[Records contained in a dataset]

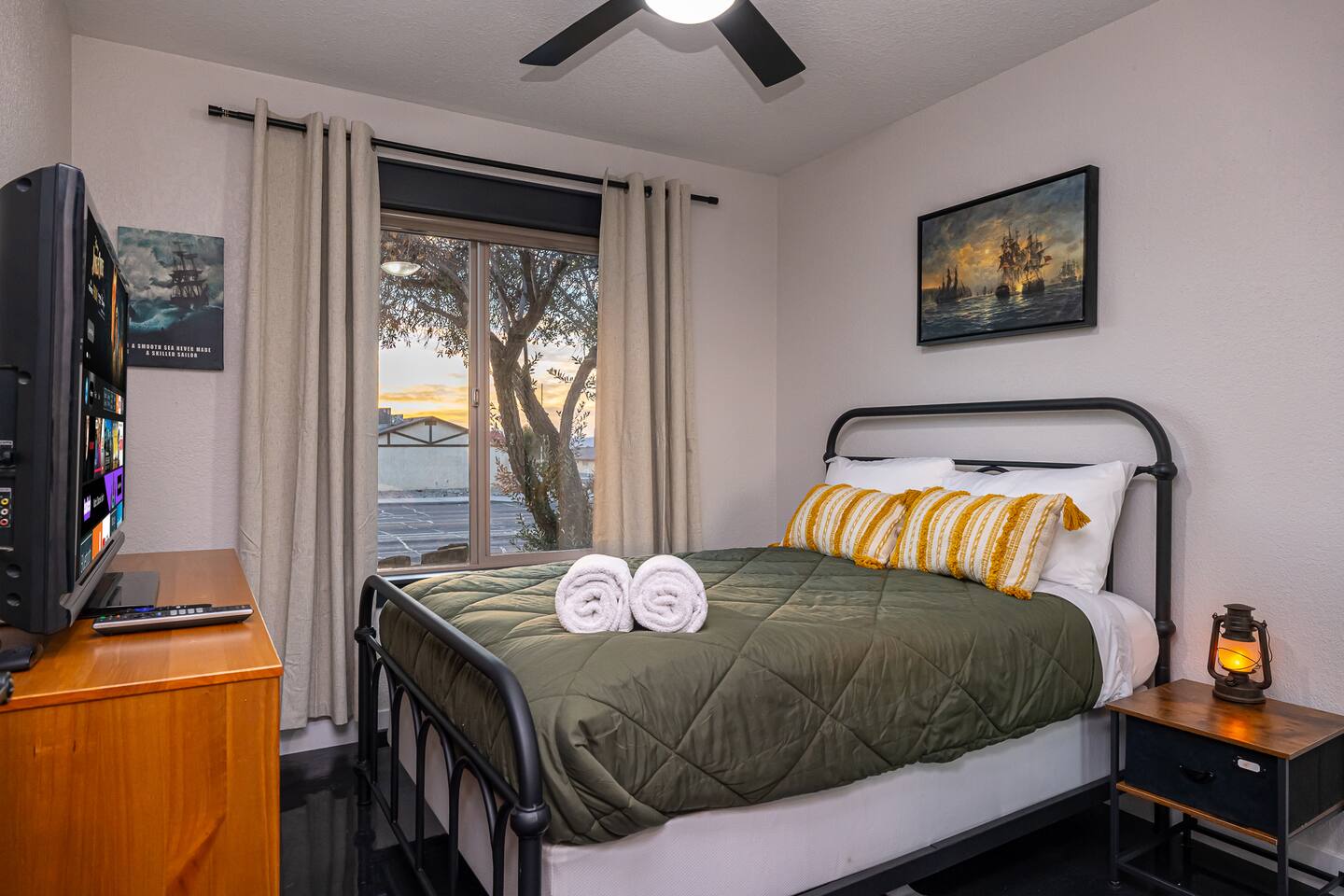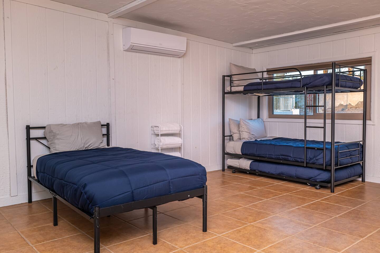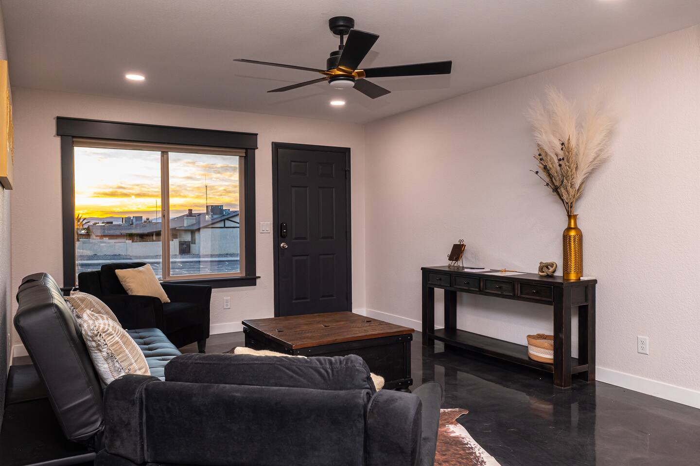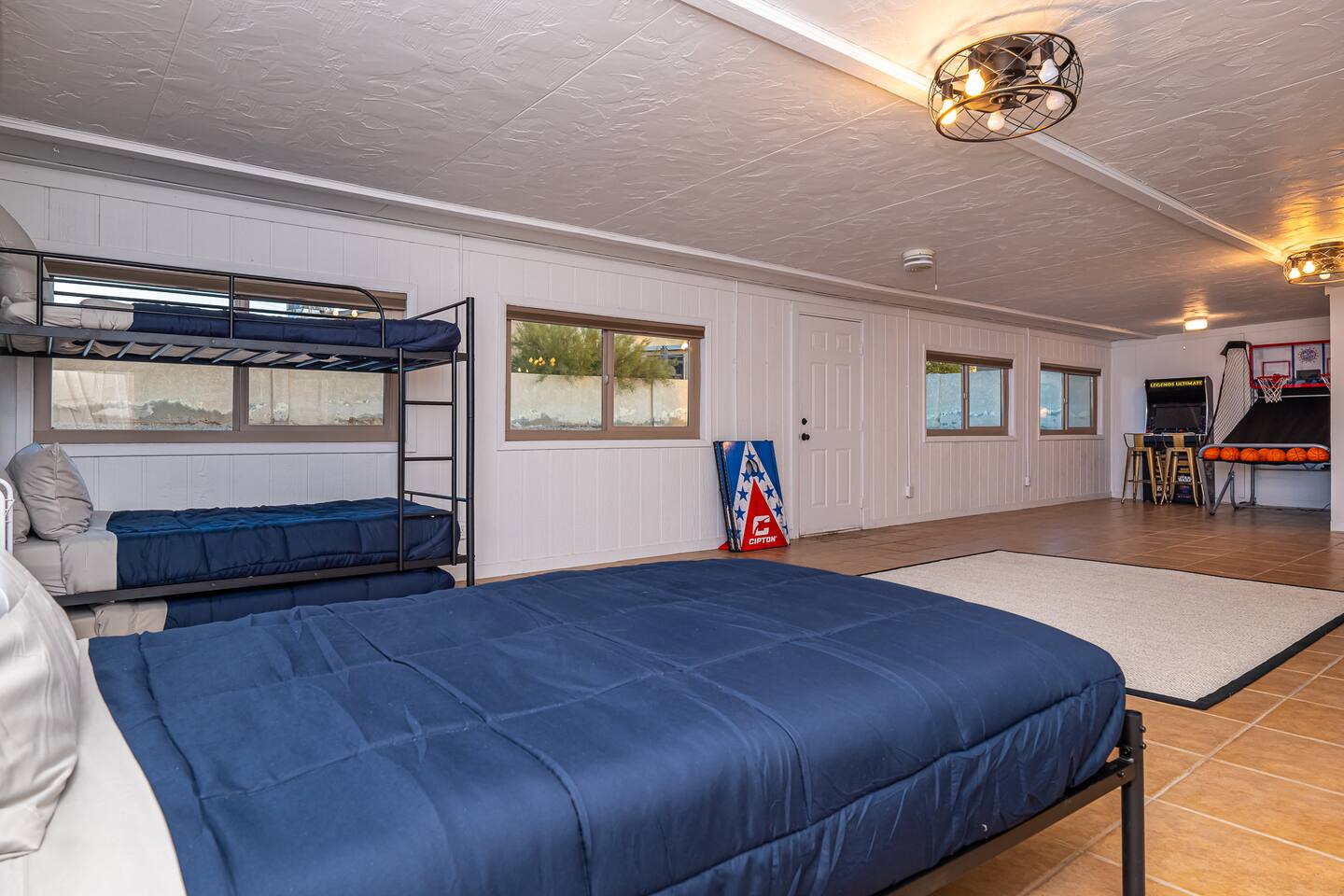 Crisp, clean and spacious! Once you enter you'll notice the gorgeous epoxy floors and updated design! The three bedrooms have all the hallmarks of a restful vacation, most importantly-- comfy beds! Master bedroom: Queen bed (Sleeps 2) Bedroom 2: Full bed (sleeps 2) Bedroom 3: Full bed (Sleeps 2) Game room: (3) twin beds (Sleeps 3) Living room: Futon (Sleeps 1) Total: 10 guests PARKING: You may utilize the driveway or the boat parking on the side.
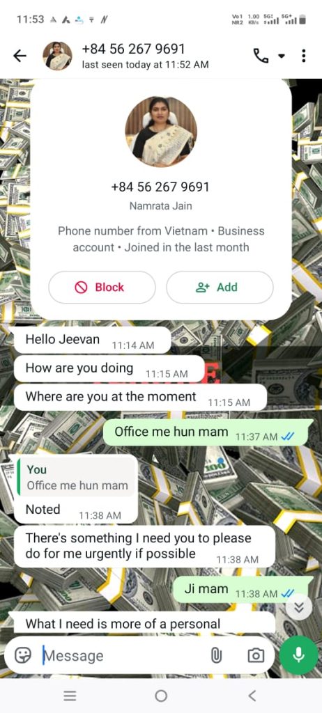 नारायणपुर। जिले में साइबर ठगी का एक गंभीर मामला सामने आया है, जहां अज्ञात व्यक्ति कलेक्टर नम्रता जैन के नाम से फर्जी व्हाट्सएप अकाउंट बनाकर आम नागरिकों और अधिकारियों से पैसों की मांग कर रहा है। इस मामले को गंभीरता से लेते हुए जिला प्रशासन ने सभी को सतर्क रहने की अपील की है।
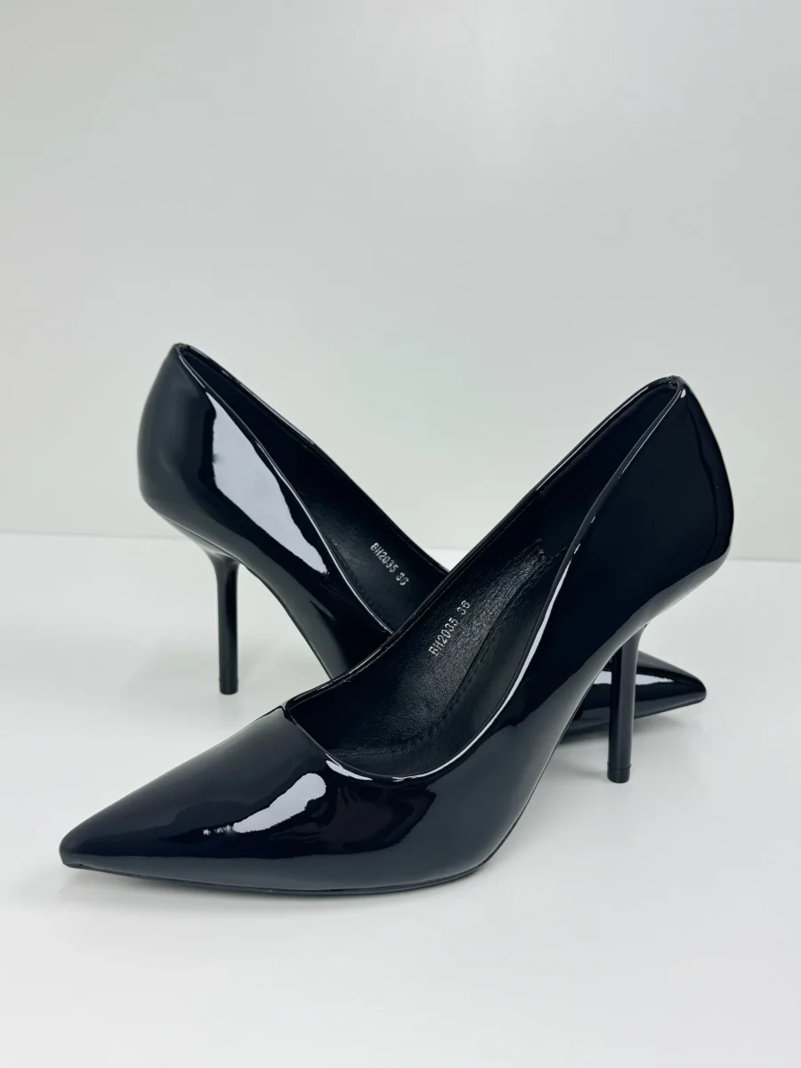 Le Décolleté Viola sono realizzate in lucida vernice, con un tacco a spillo che ti farà sentire sicura e sofisticata. Disponibili in colore Nero. Tacco 9 cm Calzata Regolare
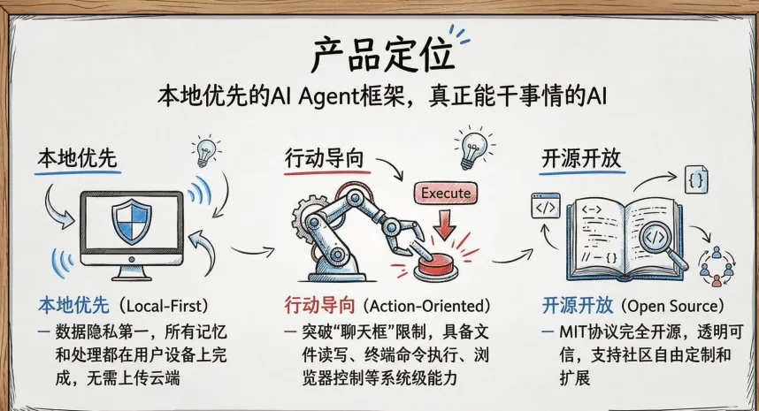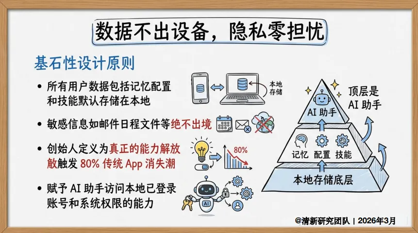 最狠的是本地优先设计:所有数据、记忆、配置都存你电脑里,敏感信息不出境。创始人甚至放话:“这会触发80%的传统APP消失”。
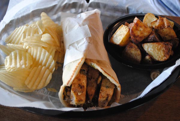 My dining partner went with the chicken basil-pesto gyro, filled with homemade basil pesto, tomatoes and feta cheese. I got to try a bite, and this wrap was as lovely as it sounds. The pesto was not overpowering, and complemented the feta cheese and chicken blend. She chose the roasted new potatoes as her side, and was given a tasty pork based tomato sauce to dip these with. Taziki’s also has daily specials. Monday is the Portobello mushroom sandwich. Tuesday is the turkey club pita. Wednesday is the spanakopita roll-up. Thursday is Mediterranean tacos. Friday through Sunday is the pasta special that includes grilled chicken with penne pasta tossed in homemade balsamic vinaigrette on a bed of mixed lettuces toped with feta, tomatoes and fresh basil. All of these specials, except the pasta special, are served with chips and a healthy side.
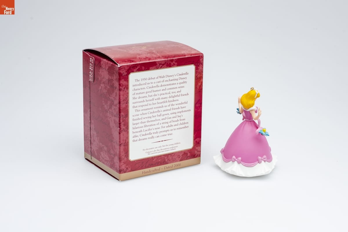 The 1950 debut of Walt Disney's Cinderella / introduced us to a cast of enchanting Disney / characters. Cinderella demonstrates a quality / of mature good humor and common sense. / She dreams, but she's practical, too, and / surrounds herself with many delightful friends / that respond to her heartfelt kindness. / This ornament reminds us of the wonderful / scene when Cinderella's animal friends have / finished sewing her ball gown, using implements / larger than themselves, and Gus and Jaq's / hilarious liberation of a string of beads from / beneath Lucifer's nose. For adults and children / alike, Cinderella truly prompts us to remember/ that dreams really can come true. / For decorative use only. Not for young children. / Concue a des fins decoratives seulement. / Ne convient pas aux jeunes enfants. / Handcrafted - Dated 2000
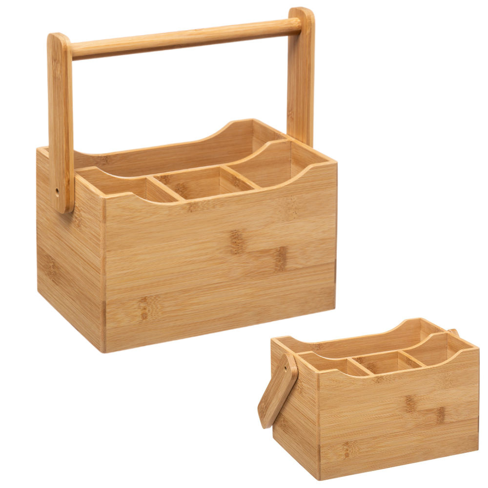 ✅ Trendy bamboe Bestek Organizer met 4 handige opbergvakjes. ✅ Bestek Organizer met handgreep. ✅ Ideaal voor het opbergen van bestek, houten keuken lepels etc. Onmisbaar in elke keuken.
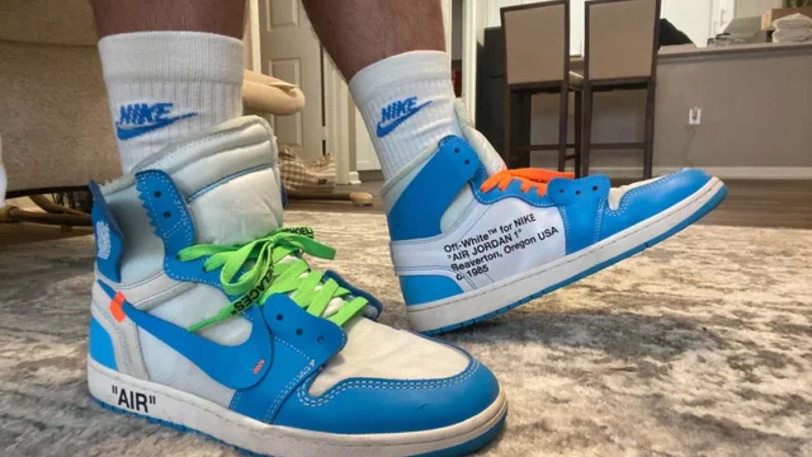 Vào năm 2017, vẫn tiếp tục làn sóng từ bản phát hành Frags trước đó, Jordan đã hợp tác với không ai khác ngoài nhãn hiệu Off-White của Virgil Abloh để tạo ra một phiên bản giày có phần phá cách. Bản phát hành này là một phần của dự án “The Ten” của bộ đôi, một bộ sưu tập mô phỏng lại những hình bóng mang tính biểu tượng nhất của Nike, chẳng hạn như Air Force 1, Air Max 90 và Blazer. Mỗi mô hình được thiết kế để gợi lên bản chất DIY, với chi tiết cắt bằng tay và dấu ngoặc kép nổi tiếng của Virgil và các họa tiết thẻ zip. Trong số toàn bộ bản phát hành, AJ1 là một trong những mẫu được tôn sùng nhất, với chiếc giày ngày nay thậm chí còn có mức phí bán lại từ 5.000 bảng Anh trở lên.
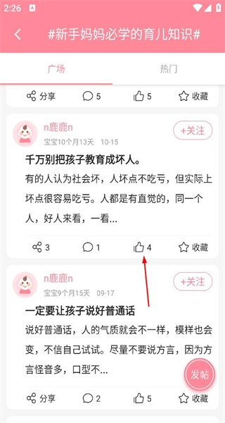 4、继续浏览话题内的育儿帖子,点击点赞按钮,完成与该育儿分享内容的互动操作。
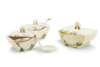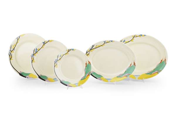 comprising 8 dinner plates; 8 fish plates; 8 side plates; a gravy boat; a large oval serving dish, 43cm across; two smaller oval serving dishes; a 'Biarritz' vegetable dish and cover, 19cm across; and a pair of 'Biarritz' sauce dishes and covers, each with original ladle, 15.5cm across, painted in coloured enamels, printed factory marks (31 pieces)

**PROMPT**:
In the data above, the line containing "in elke keuken." and all lines after it are to be reproduced exactly, leaving out the pictures.

**FINAL ANSWER**:
 ✅ Trendy bamboe Bestek Organizer met 4 handige opbergvakjes. ✅ Bestek Organizer met handgreep. ✅ Ideaal voor het opbergen van bestek, houten keuken lepels etc. Onmisbaar in elke keuken.
 Vào năm 2017, vẫn tiếp tục làn sóng từ bản phát hành Frags trước đó, Jordan đã hợp tác với không ai khác ngoài nhãn hiệu Off-White của Virgil Abloh để tạo ra một phiên bản giày có phần phá cách. Bản phát hành này là một phần của dự án “The Ten” của bộ đôi, một bộ sưu tập mô phỏng lại những hình bóng mang tính biểu tượng nhất của Nike, chẳng hạn như Air Force 1, Air Max 90 và Blazer. Mỗi mô hình được thiết kế để gợi lên bản chất DIY, với chi tiết cắt bằng tay và dấu ngoặc kép nổi tiếng của Virgil và các họa tiết thẻ zip. Trong số toàn bộ bản phát hành, AJ1 là một trong những mẫu được tôn sùng nhất, với chiếc giày ngày nay thậm chí còn có mức phí bán lại từ 5.000 bảng Anh trở lên.
 4、继续浏览话题内的育儿帖子,点击点赞按钮,完成与该育儿分享内容的互动操作。
 comprising 8 dinner plates; 8 fish plates; 8 side plates; a gravy boat; a large oval serving dish, 43cm across; two smaller oval serving dishes; a 'Biarritz' vegetable dish and cover, 19cm across; and a pair of 'Biarritz' sauce dishes and covers, each with original ladle, 15.5cm across, painted in coloured enamels, printed factory marks (31 pieces)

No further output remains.